Öncelikle hepinize merhaba. 🌸
Biz bir yola girdik ve umarız ki siz bize bu yolda hikayemizi okuyarak severken eşlik edersiniz.
İyii okumalaarr.
—————————
- Ayşegül Yılmaz'ın ağzından -
BKM... Ve işte çok uzun zamandır hayalini kurduğum yerdeydim. İnanması biraz güçtü belki ama yapmıştım, Çok Güzel Hareketler 2 ekibinin bir parçası olmuştum. Biliyordum ki kapıdan adımımı attığım an sadece hayallerime kavuşmayacaktım, adeta bütün hayatım değiştecekti. İçeriye girmeden son kez gözlerimi sımsıkı kapatıp "Her şey çok güzel olsun" diye dileğimi dileyip içeri girdim. Ekiple tanışacağım için çok heyecanlıydım, seçmelerde birçoğunu gördüğüme emindim ama hiçbiriyle tanışma fırsatım olmamıştı. İçeriye girdiğimde ekipteki herkes gelmişti, bir kişi hariç...
"Öncelikle hepiniz BKM - Çok Güzel Hareketler 2 ekibine hoş geldiniz.
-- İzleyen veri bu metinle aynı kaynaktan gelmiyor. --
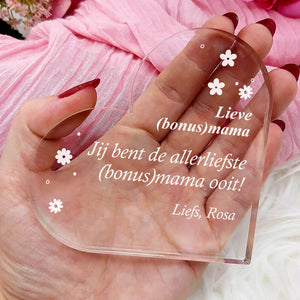 Willen jullie bonusmama laten weten dat jullie zo ontzettend van haar houden? Geef bonusmama nu deze prachtige boodschap op een glazen hart cadeau! Je kunt de hart personaliseren door er jullie naam aan toe te voegen.

Buranın bir parçası olmak için ne kadar çok çalıştığınızı en iyi bilenlerdenim, bundan sonrası içinde bütün her şeyinizi ortaya koyacağınızdan hiç şüphem yok."
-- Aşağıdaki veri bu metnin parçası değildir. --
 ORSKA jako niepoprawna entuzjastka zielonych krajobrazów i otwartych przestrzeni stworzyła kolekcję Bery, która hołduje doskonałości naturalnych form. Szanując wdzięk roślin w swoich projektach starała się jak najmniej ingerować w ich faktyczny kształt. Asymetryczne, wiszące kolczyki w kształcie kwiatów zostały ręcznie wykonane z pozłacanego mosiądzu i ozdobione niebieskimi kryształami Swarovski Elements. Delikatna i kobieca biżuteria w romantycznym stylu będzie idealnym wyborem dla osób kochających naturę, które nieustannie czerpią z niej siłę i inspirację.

Yılmaz hocanın konuşmasından sonra herkes bulunduğumuz büyük odanın içinde bir köşeye çekilip birbiriyle tanışmaya başlamıştı. Biraz gözlem yaptıktan sonra, ben de kalkıp koltukta oturan iki kıvırcık saçlı kadının yanına gittim. Uzaktan çok güzel ama bir o kadar da olgun insanlara benziyorlardı. Onlara doğru giderken her ne kadar çekinsem bile yanlarına yaklaştığımı kahverengi kıvırcık saçlı fark etmiş olacak ki hemen koltukta yer açıp beni yanlarına davet etti.
"Merhaba. Ben Cemile."
"Ben de Gözde."
Cemile ve Gözde... İkisine de ilk görüşten itibaren içim ısınmıştı. Herkesle anlaşamasam bile bu ikiliyle anlaşabileceğimi anlamıştım.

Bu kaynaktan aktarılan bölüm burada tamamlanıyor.